The responsibility of all humanity

Deep within Brazil’s Amazon rainforest, a system has been constructed to pump carbon dioxide (CO₂) into the tropical forest canopy as part of a project called AmazonFACE, which aims to simulate the atmospheric conditions predicted for the future.

The Amazon rainforest in Brazil. (Photo: Xinhua/VNA)
The Amazon rainforest in Brazil. (Photo: Xinhua/VNA)

Located near Manaus — the largest city in the Amazon — six towering steel rings rise above the treetops, each surrounding between 50 and 70 mature trees.

According to the plan, CO₂ will be released at levels reflecting projected climate scenarios for future decades. The data obtained from this “time machine” will allow scientists to study how increased CO₂ concentrations affect plant life, forming the basis for assessing the adaptive capacity of the vast Amazon ecosystem.

In fact, experiments on the effects of climate change on vegetation have been conducted in various regions, but AmazonFACE represents a “new frontier.”

The “new frontier” that scientists refer to carries deep concern, as the effort to preserve the Earth’s “green lungs” has reached a critically important point to prevent the worst consequences.

Ahead of the 30th Conference of the Parties (COP30) to the United Nations Framework Convention on Climate Change (UNFCCC), hosted by Brazil and scheduled to take place from November 10 to 21, UN Secretary-General Antonio Guterres emphasised in a media interview: “We do not want to see the Amazon turn into a savanna!”

The “Amazon turning into savanna” scenario, warned of by the UN leader, reflects the growing concern that humanity may fail to keep global temperature rise within 1.5 degrees Celsius — and must immediately change course. He also urged world leaders attending COP30 to seriously assess that the longer emission cuts are delayed, the greater the risk of crossing catastrophic “tipping points” in the Amazon, the Arctic, and the world’s oceans.

Never before have scientists’ warnings about the climate crisis been so urgent. As the world prepares for COP30 in Brazil, the global average temperature has temporarily exceeded 1.5 degrees Celsius above pre-industrial levels — the threshold once defined by the 2015 Paris Agreement as the “safe limit” for humanity.

Nearly ten years after the Paris Agreement, 2024 was confirmed as the hottest year in recorded history — and alarmingly, 2025 may break that record. A succession of natural disasters — wildfires, droughts, floods, and heatwaves — has proven that climate change is no longer a distant threat but a stark and immediate reality.

However, as the UN Secretary-General candidly admitted, despite increasingly urgent warnings about rising global temperatures, many government pledges still fall short of expectations.

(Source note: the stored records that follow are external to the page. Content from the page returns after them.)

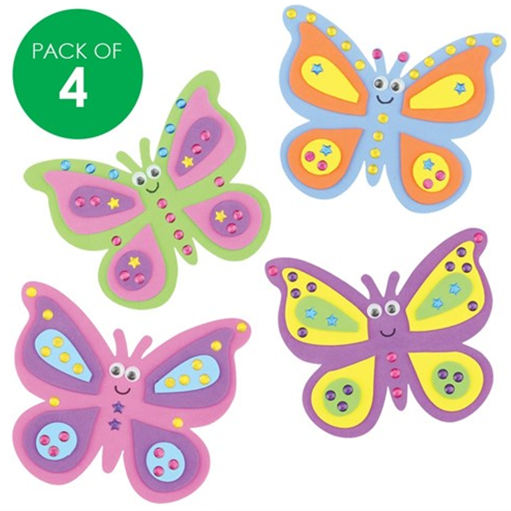 Pack includes all components required to create and decorate 4 Butterfly Jewel Magnets
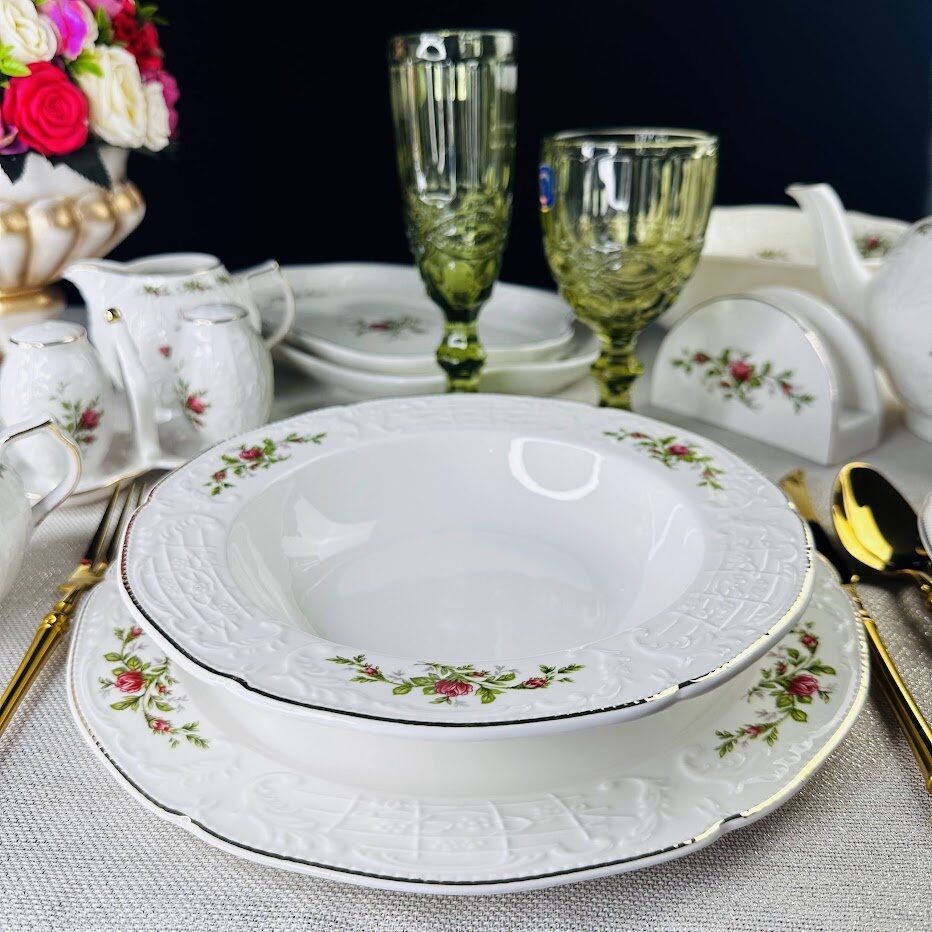 Коллекция ДОМИНИКА выполнена в стиле барокко и производится из белого фарфора c золотой каймой. Изделия украшены рельефным декором, изящно подчеркивающими благородство фарфора, узорные края выглядят элегантно и всегда в тренде посудной моды. В росписи фарфора излюбленным цветком считается роза, вот и мы решили расписать коллекцию английскими розами.
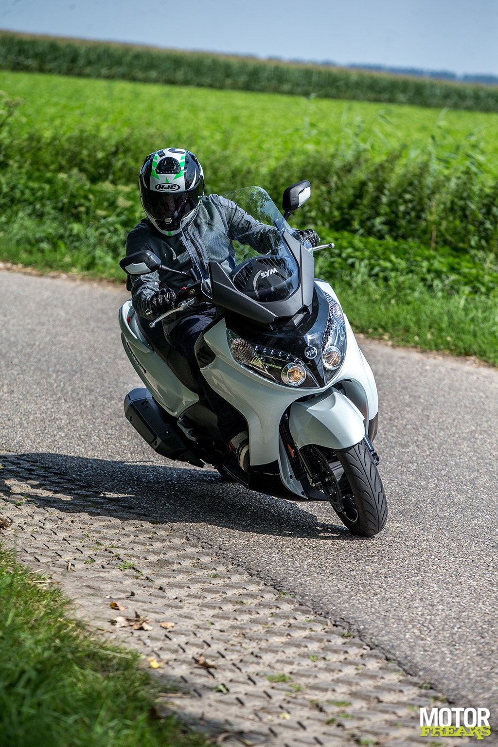 en ook de lekker korte draaicirkel zorgen voor extra punten. In het geheel dus geen verrassingen en ook op de snelweg staat de SYM zijn mannetje.
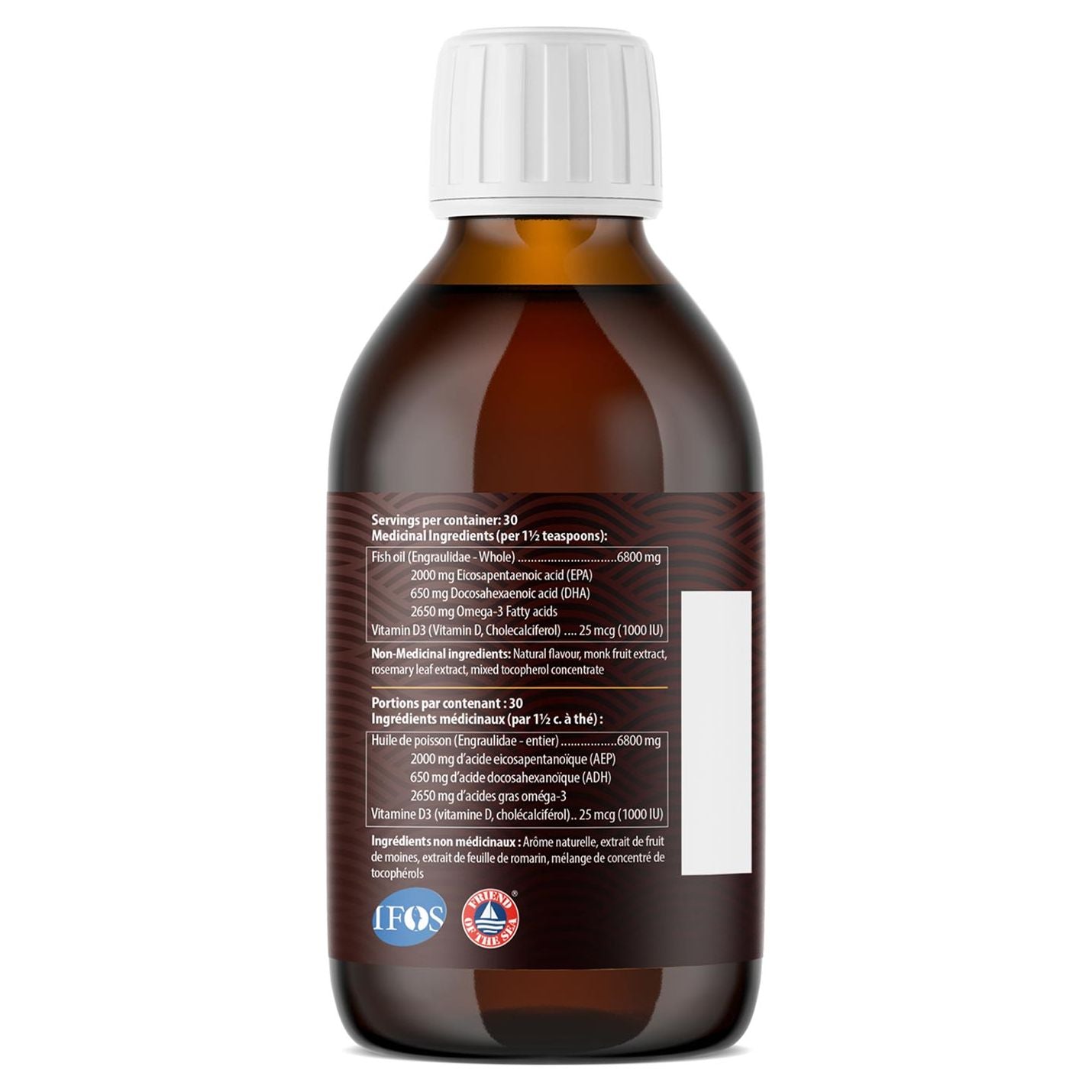 Anchovy Oil, Natural Flavours, Green Tea Extract, Rosemary Extract, Monk Fruit Extract, Mixed Tocopherol Concentrate. Directions : Take 1.5 tsp daily. Shake well before using. Consult your physician if you are taking prescribed blood-thinning agents before consuming. Refrigerate after opening.
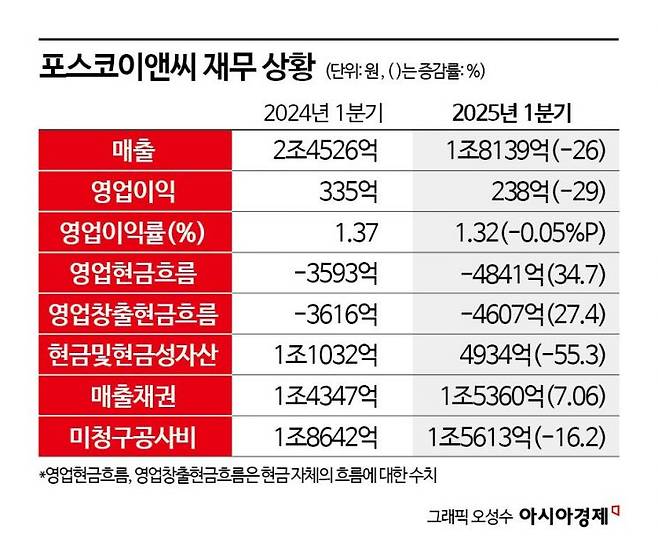 재무 전방위 압박…현금 흐름부터 해외 사업까지 '빨간불'포스코이앤씨의 재무건전성은 외부 제재에 휘청일 수 있는 허약한 상황이다. 올해 1분기 말 영업활동현금흐름은 -4841억원을 기록했다. 지난해 1분기 영업현금흐름(-3593억원)보다 손실이 더욱 커졌다. 올해 같은 기간 영업만으로 창출된 현금흐름은 -4607억원으로, 현금창출력이 급격히 둔화했다. 공사에 쓴 비용이 대금으로 받은 돈보다 많다는 것을 뜻한다.
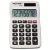 Victor VCT700 8-digit handheld calculator has a large LCD display so it`s easy to read. Dual powered calculator works with or without batteries. Non-slip rubber keys help prevent input errors. White calculator base contrasts with black keys and bottom...
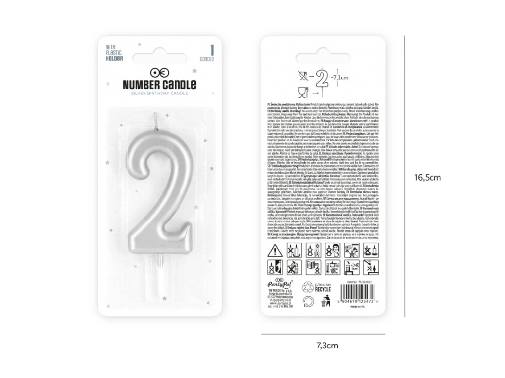 Svíčka ve tvaru čísla "2" ve stříbrné barvě. Celková výška cca 10cm, výška samotného čísla je 7,1cm, plastový zápich má cca 2,5cm. Šířka čísla cca 4cm.
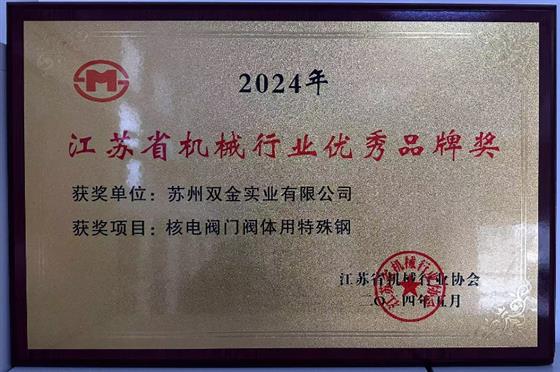 蘇州安特威、 鹽電、雙金、誠(chéng)功、南通電站等5家公司被授予“2024年江蘇省機(jī)械行業(yè)優(yōu)秀品牌獎(jiǎng)”稱號(hào)
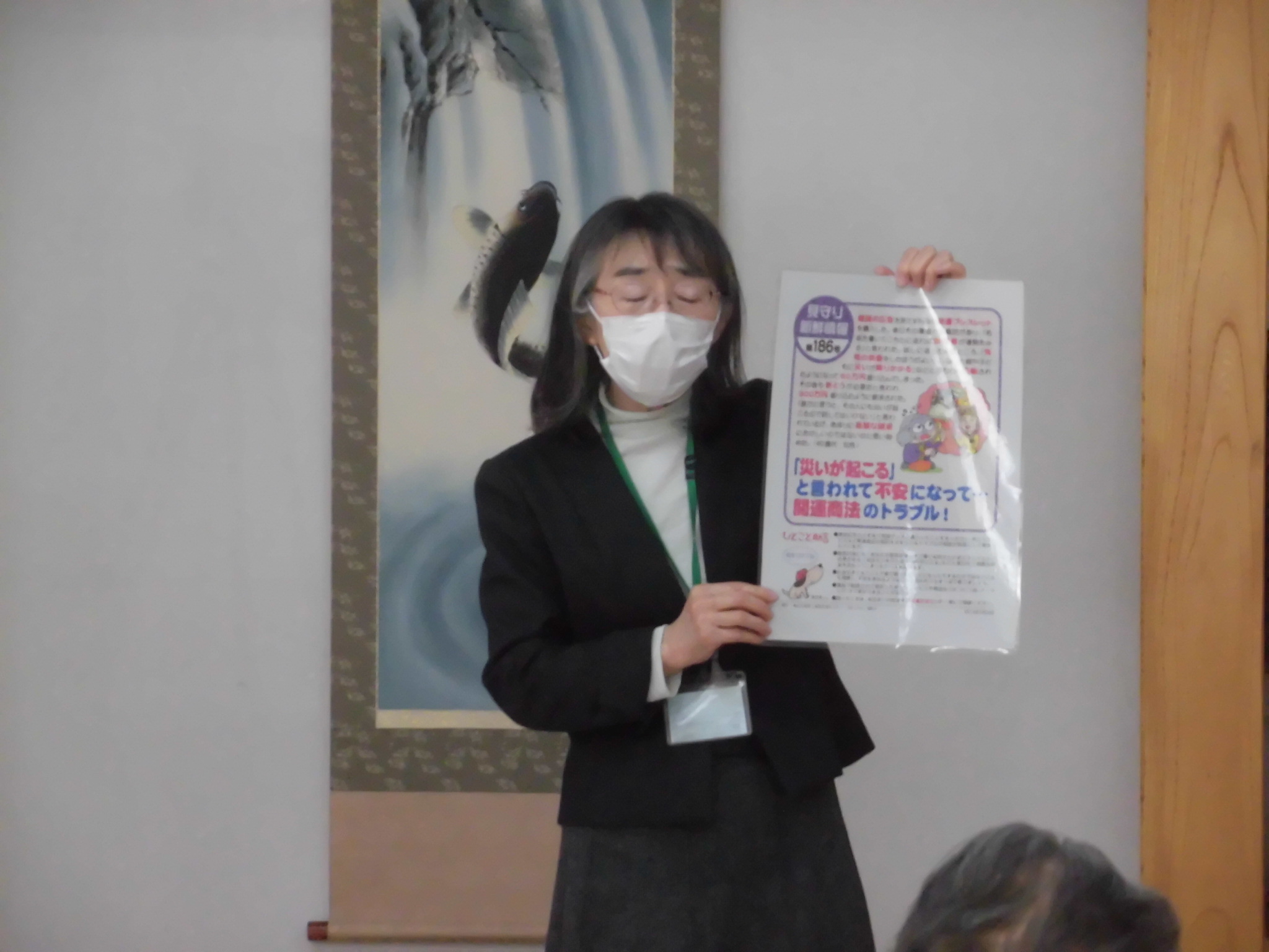 5月30日(水)、出前講座を利用し北上市消費者生活センターから佐藤美智子氏をお招きし消費者トラブルについてお話していただきました。(参加者15名)
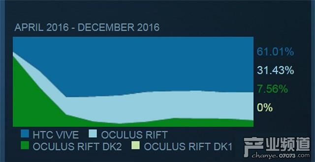 在12月份,HTC Vive的Steam市場(chǎng)份額有小幅度下降,Oculus Rift呈現(xiàn)較大幅度上升。這可能是因?yàn)門(mén)ouch控制器的上市。
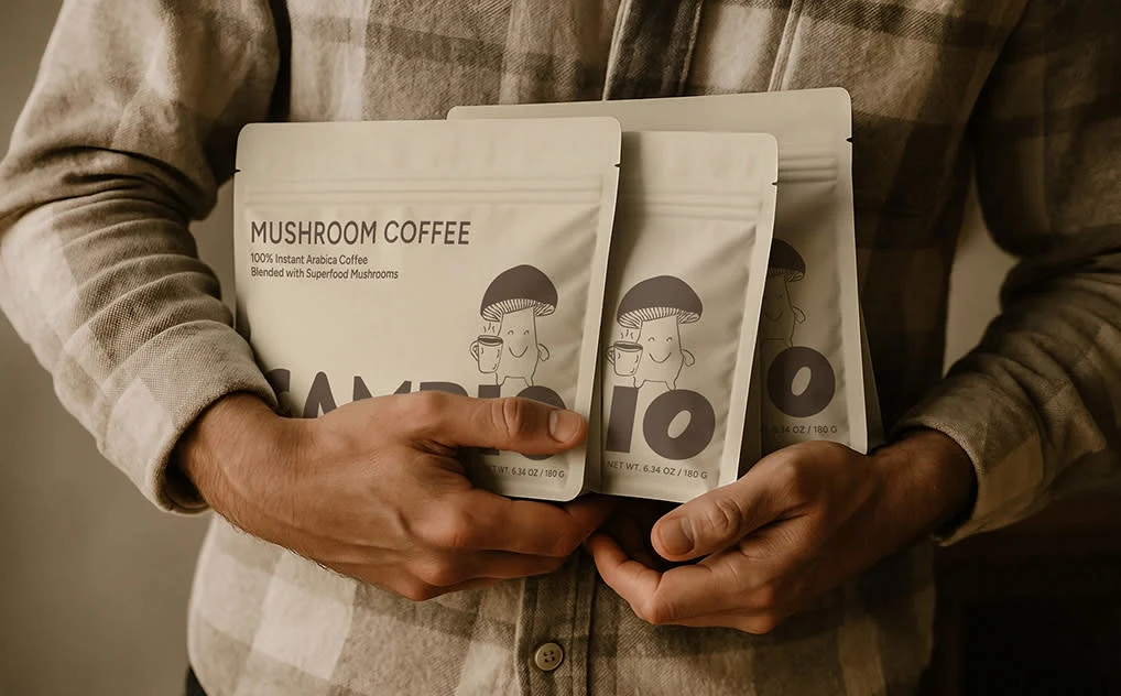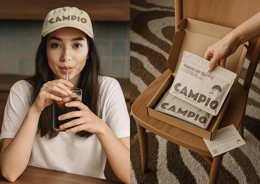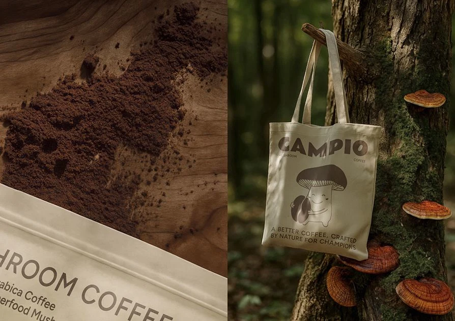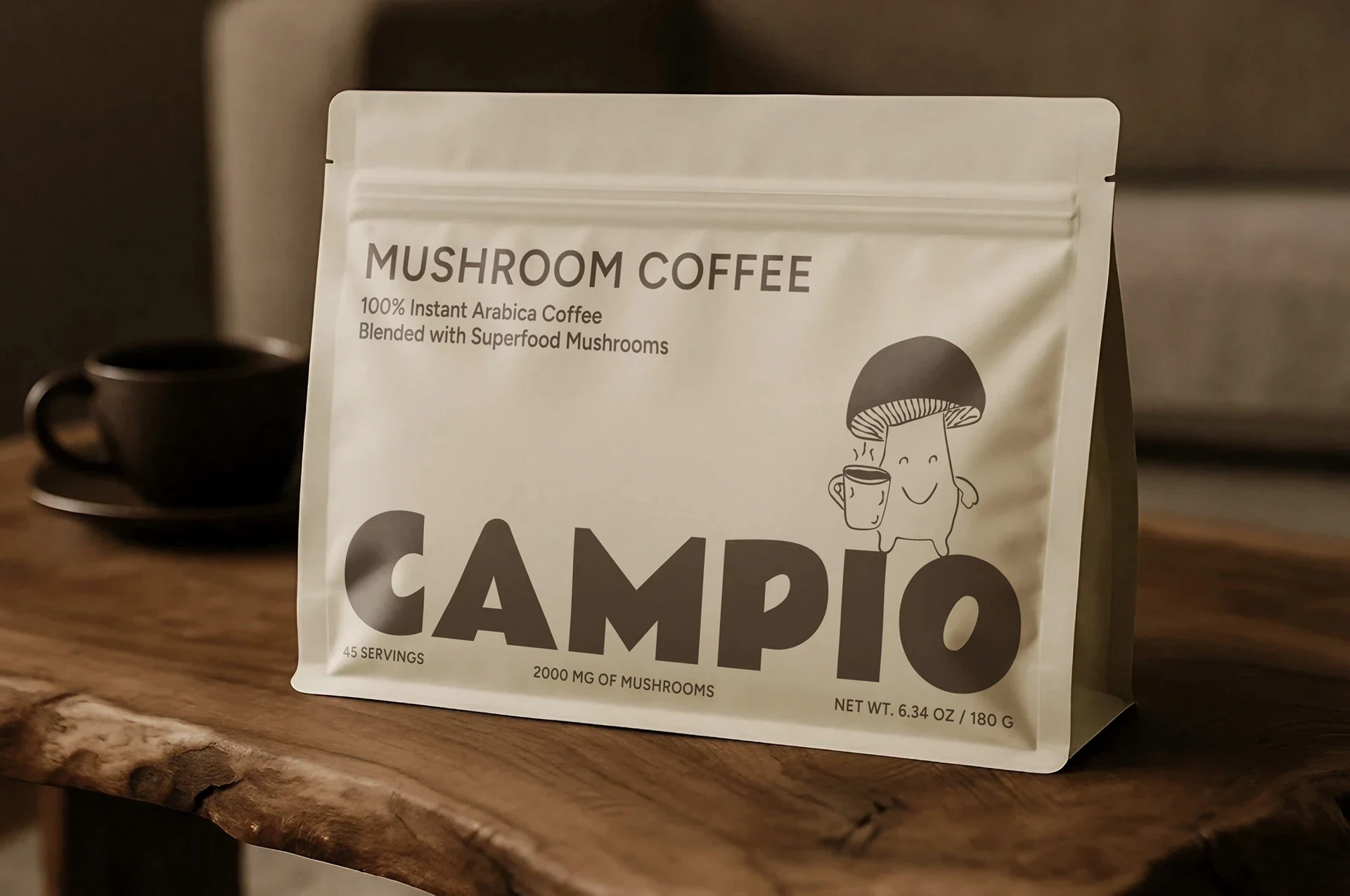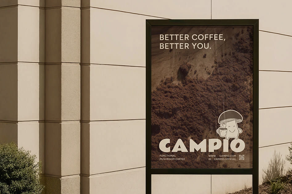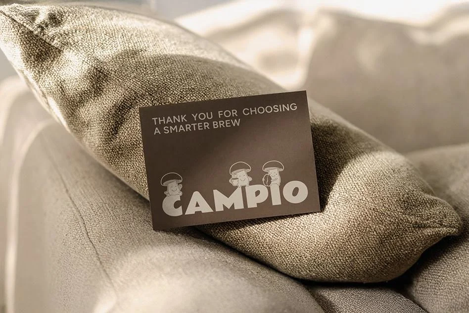 Campio is a mushroom-infused coffee brand created for people who want their daily boost without the burnout. Designed for a wellness-savvy audience, the identity brings a distinct, lighthearted tone warm, grounded, and quietly confident. A bold logotype, earthy color palette, and a set of adaptable mascot variations form a visual system that’s expressive but restrained, energizing without ever trying too hard.
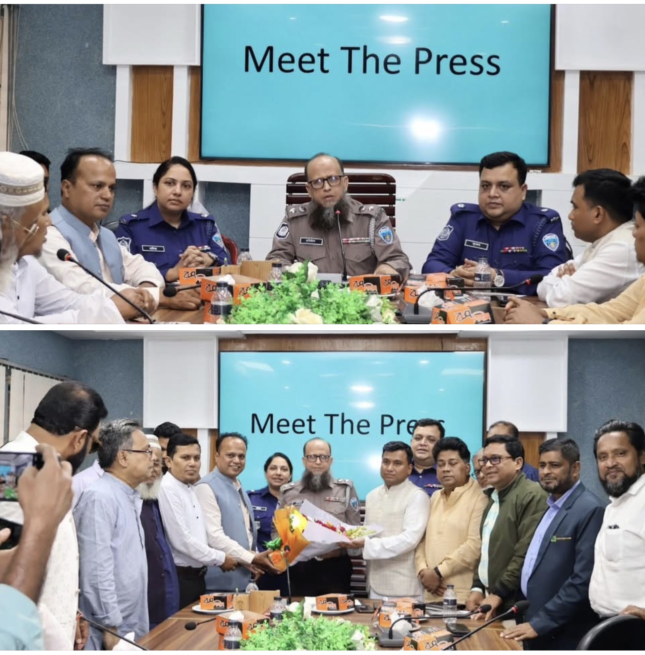 এসময় জনাব নাদিরা নূর, অতিরিক্ত পুলিশ সুপার (প্রশাসন ও অর্থ), জনাব মোঃ লুৎফর রহমান, অতিরিক্ত পুলিশ সুপার (ক্রাইম অ্যান্ড অপস্), চাঁদপুর প্রেসক্লাবের নেতৃবৃন্দ, সিনিয়র সাংবাদিকবৃন্দ এবং জেলা পুলিশের উর্ধ্বতন কর্মকর্তাবৃন্দ উপস্থিত ছিলেন।
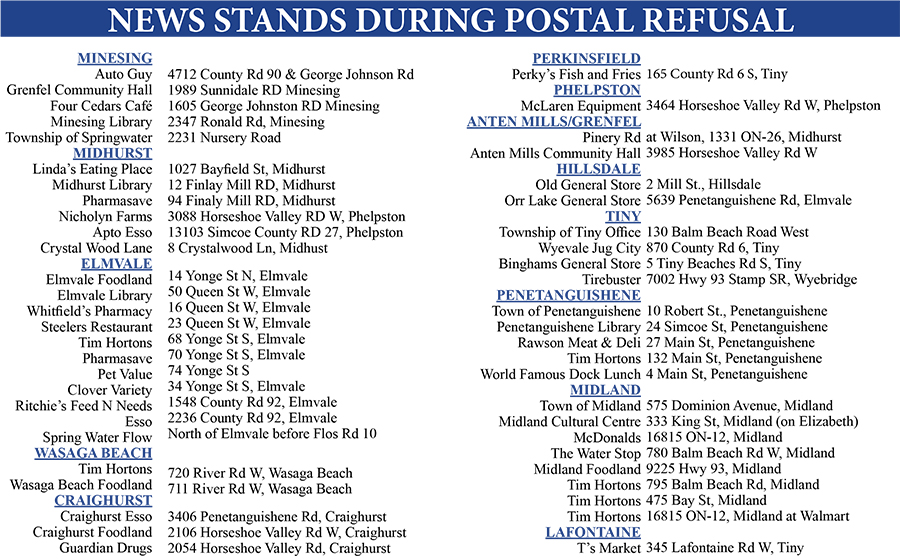 We print 20,000 newspapers once every two weeks. 18,780 are mailed out by Canada Post to post office routes in the Barrie area (3050), all of southern Springwater Township (4320), all of Minesing/Anten Mills (130), all of Grenfel and Utopia (750), all of Phelpston (620), all of Hillsdale (630), all of Elmvale (2550), all of Wyebridge (260), all of Wyevale (975), all of Perkinsfield (1275), the Rural Routes 1 and 2 of Midland (1100), and the Rural Routes of Penetanguishene that go into Tiny Township (2900) papers. We have 150 subscriptions across Canada.

At COP28 in the United Arab Emirates (UAE) in 2023, countries agreed to gradually transition away from fossil fuels, but real-world progress remains sluggish.

Against this backdrop, Brazil — the COP30 host — is striving to become one of the world’s “green flags.” The country has pledged to cut greenhouse-gas emissions by 59–67% by 2035 compared with 2005 levels and is calling on the international community to act swiftly, showing concrete and responsible commitments in the fight against climate change.

Climate finance remains a “hot spot” in negotiations, as developing nations demand tangible resources for adaptation and mitigation, while major economies stress shared responsibility. Brazil hopes that this year’s conference will unlock greater funding to help developing countries cope with climate impacts.

Supporting Brazil’s call for nations to move from words to action and mark a global turning point, the UN affirmed that the top priority at COP30 is a change of course. Adjusting the global trajectory is deemed essential to ensure that, even though global warming has already exceeded 1.5 degrees Celsius, it remains “as low as possible” to avoid reaching catastrophic tipping points.

Acknowledging the many challenges ahead, the United Nations affirmed that it will not abandon its goal, noting that the world may “temporarily overshoot” the target but must make concerted efforts to bring global temperatures back down to 1.5 degrees Celsius by the end of the century.

COP30 is a critical milestone for the world to reset its emission-reduction goals, accelerate the energy transition, and scale up global climate finance. On the eve of COP30, the question “Where does the world stand on the 1.5 degrees Celsius pathway?” is not only a climate benchmark but also a measure of political will and global solidarity.

Keeping temperature rise below the danger threshold is not the task of a single nation — it is the shared responsibility of all humanity.